Kids’ curiosity about politics pulls parents into the conversation

  • By Sharon Holbrook Special to The Washington Post
  • Friday, April 1, 2016 4:14pm
  • Life

One recent night at dinner, we talked about the Ku Klux Klan, and why we treasure our sacred American liberty of free speech, even when we don’t like that speech. Of course, with three elementary school kids, we also talked about the poop on the bathroom seat at school, Xbox games, and, petulantly, why we weren’t having pizza.

Say what you will about the alarming aspects of this presidential race — and that’s not for this essay — but I’m loving being a parent of kids of a rational, conversational age this election year. Four years ago, my children were 6, 4, and 1. We may still have been talking about poop and pizza back then, but we certainly weren’t discussing politics.

I confess that I have changed over the last couple decades of my life, as I slid from the heady intellectual atmosphere of college into the prosaic but necessary details of adulthood. I grew to hate politics. I grew to hate politicians, too, and their power-brokering opportunism and phony promises. I didn’t have the patience for the nonsense, and so I checked out of most political news. Real life was busy enough, and it was easy to tune it all out.

In early 2016, though, politics are everywhere and there’s so much to discuss.

We can’t ignore the extraordinarily polarized atmosphere in the United States, and the extreme behaviors and political views in play this year. No one can. We went to Canada last weekend to visit my husband’s sick grandmother, and many times over, upon hearing that we are American, disbelieving folks wanted to know, “What’s going on with this election?”

I’ve been tickled, though, by the silver lining to this turmoil — every day serves up an interesting and surprisingly deep conversation with our curious elementary schoolers. It was an endorsement of Donald Trump by white supremacist David Duke that led to a dinner table discussion of the KKK.
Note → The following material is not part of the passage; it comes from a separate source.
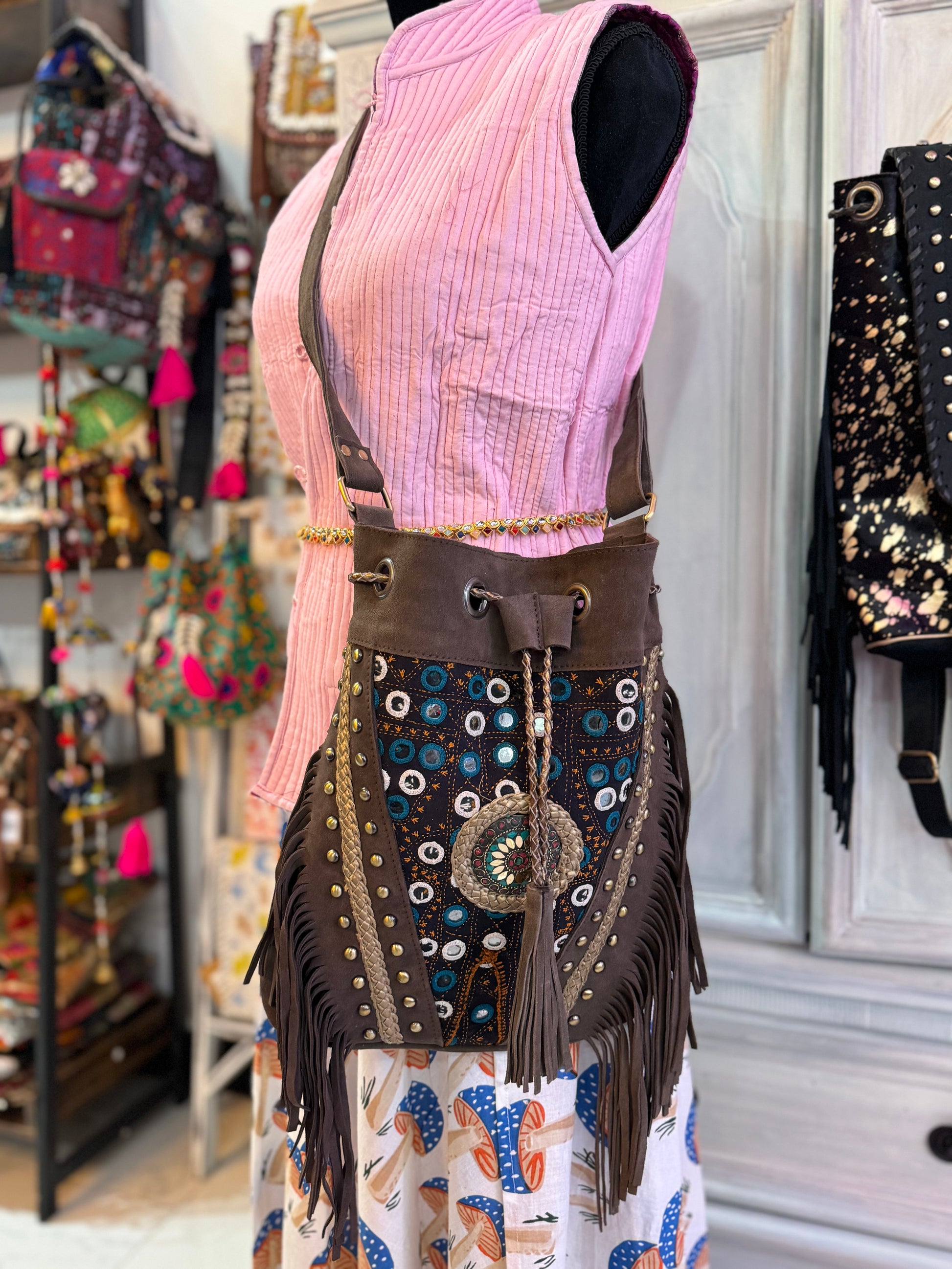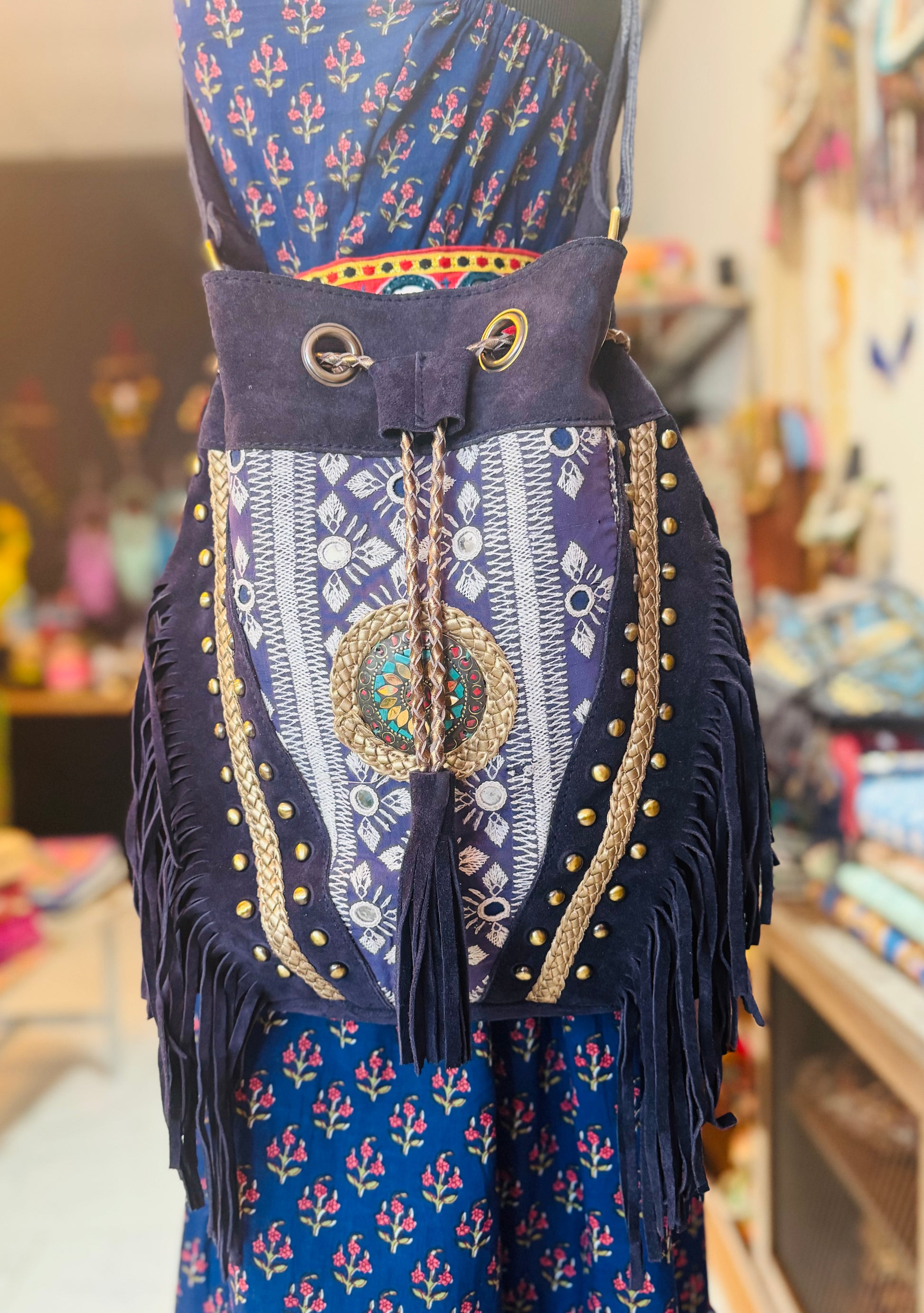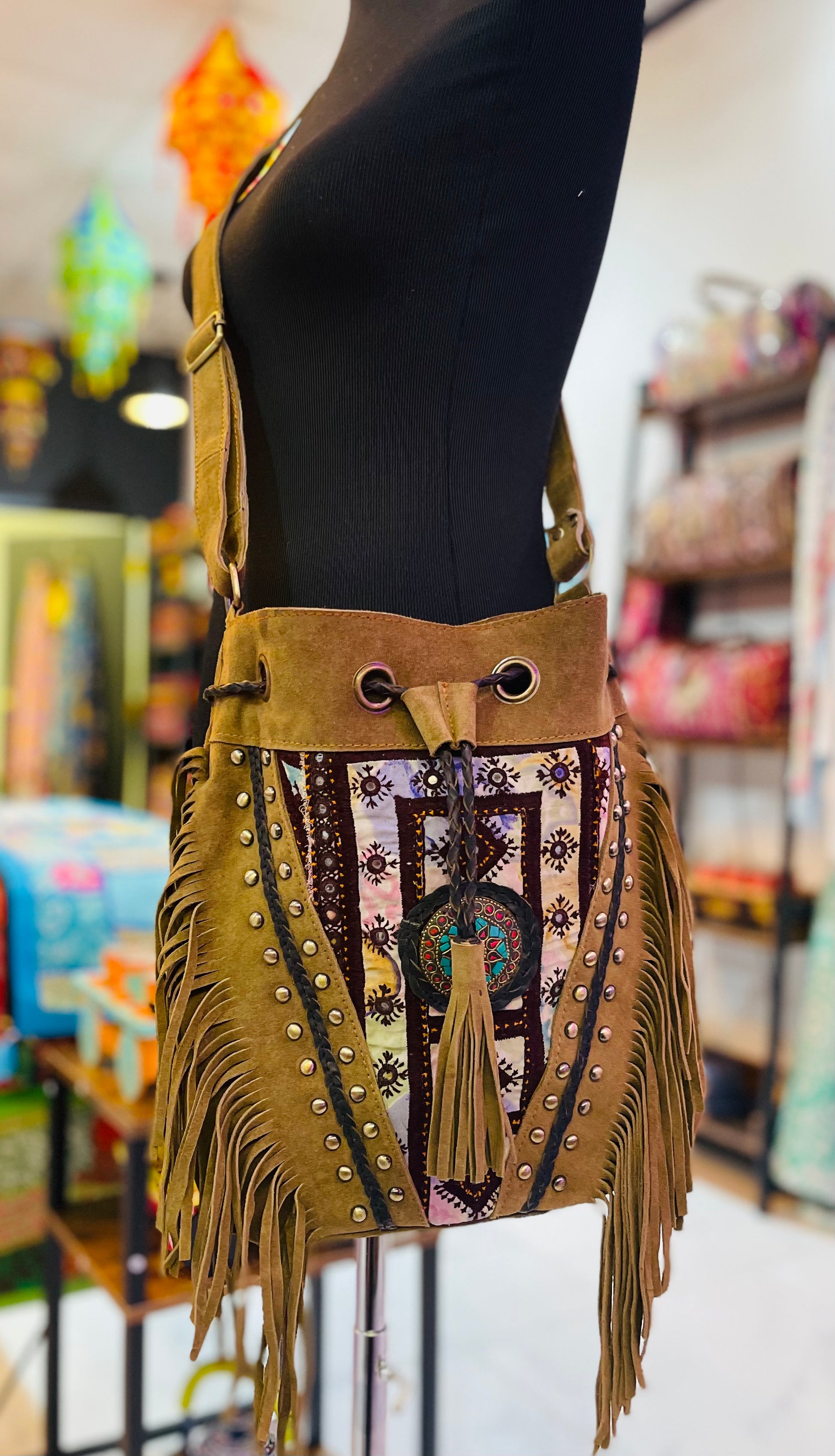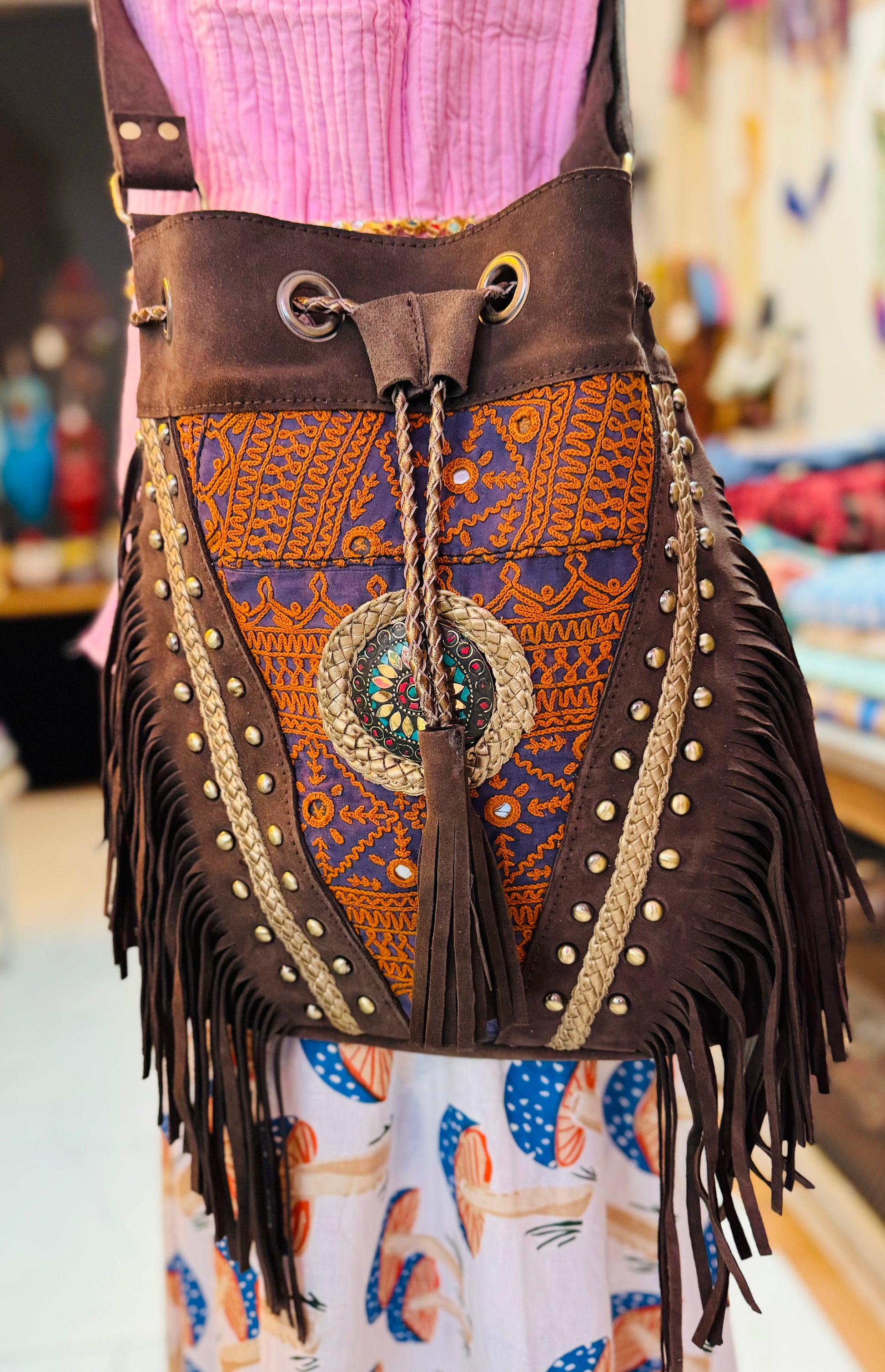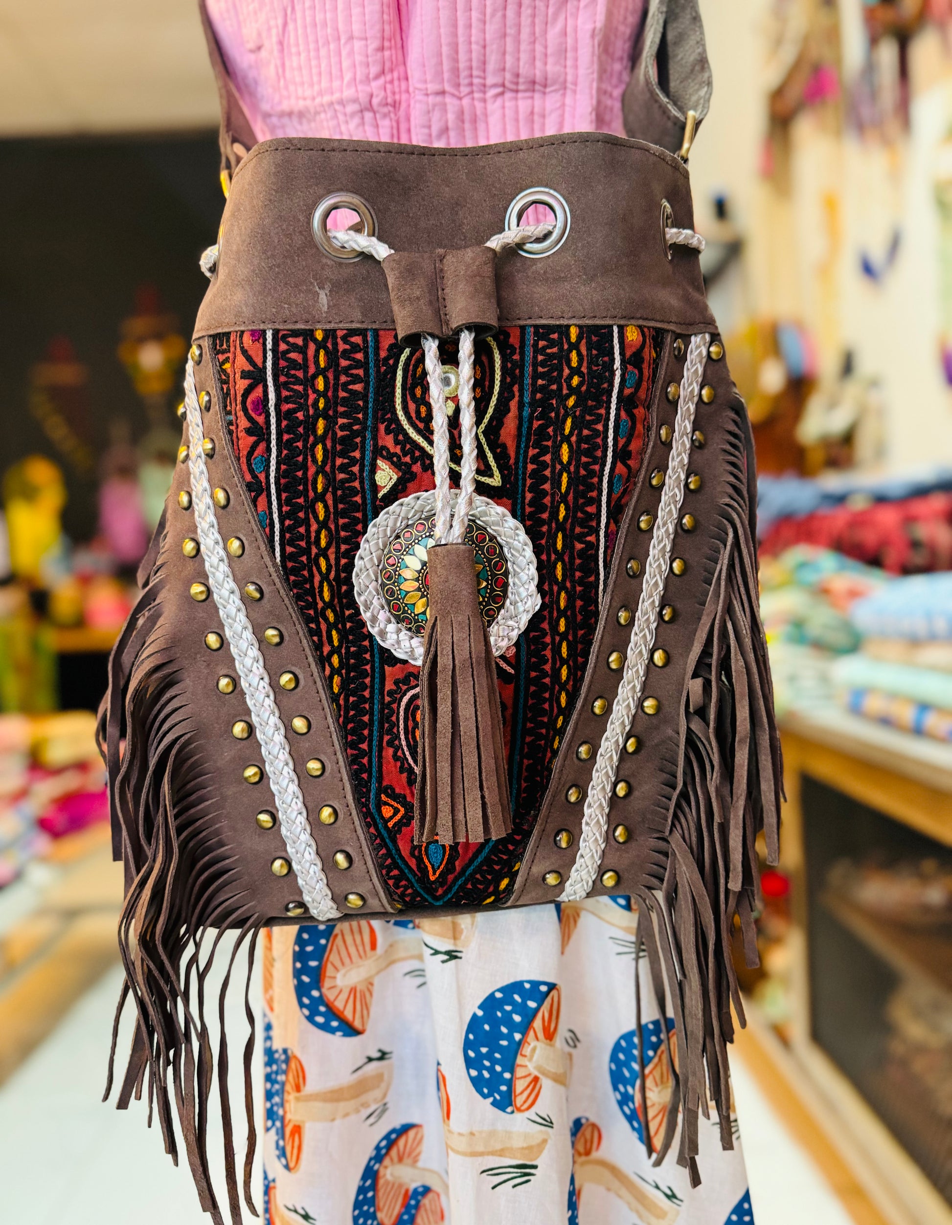 Unveil the epitome of style, tradition, and sophistication with our exquisite Leather Potli Bags. Crafted with precision and a deep appreciation for artistry, these bags are more than just accessories; they are a reflection of your refined taste and a nod to the timeless charm of traditional craftsmanship.

“Can’t the president stop them?” my 5-year-old asks at the dinner table, when we tell the kids about lynchings and burning crosses and white-hooded rallies. She quite simply believes in the unlimited power of the presidency. But it’s more than that. She believes that good can prevail.

I, on the other hand, had forgotten what it means to be an idealist.

My kids are hungry for ideals and they’re pulling me back in. I’m finding I can’t afford to be disillusioned anymore. When kids ask questions, parents try to answer. It’s part of the job description. When they ask the big questions, we have to give the big answers, the ones that probe what we really believe and stand for, and what we hope our children will be.

This election has handed us a ready-made opportunity to explore our civic values — a family philosophy class, if you will. We already teach our kids about personal values like kindness, honesty, generosity, and fidelity, hopefully by example as well as conversation, but we hadn’t spent much time on political values until now.

It’s a joy, and a thought-provoking one, to hear what my kids have to say about questions like, “If we believe in immigration and welcoming the stranger, but we also believe in fairness and following rules and laws, how should we treat illegal immigrants? I imagine we won’t always agree, but I can’t wait to hear their questions and opinions.

None of us can have all the answers, but we do our best. In answer to the kindergartner’s question about the Ku Klux Klan, we explain that, yes, violence and vandalism are indeed illegal, but public rallies with hateful messages are not. My kids, used to our staid household rules about speaking to one another kindly, are shocked that such ugliness is allowed.

I find myself defending free speech as a cornerstone of our democracy, and urging them to exercise their own free speech to combat ugliness.

There’s too much at stake to remain quiet about our nation’s future, and so we are all finding our values and resolving to use our voices. Maybe free speech begins at home, at the dinner table.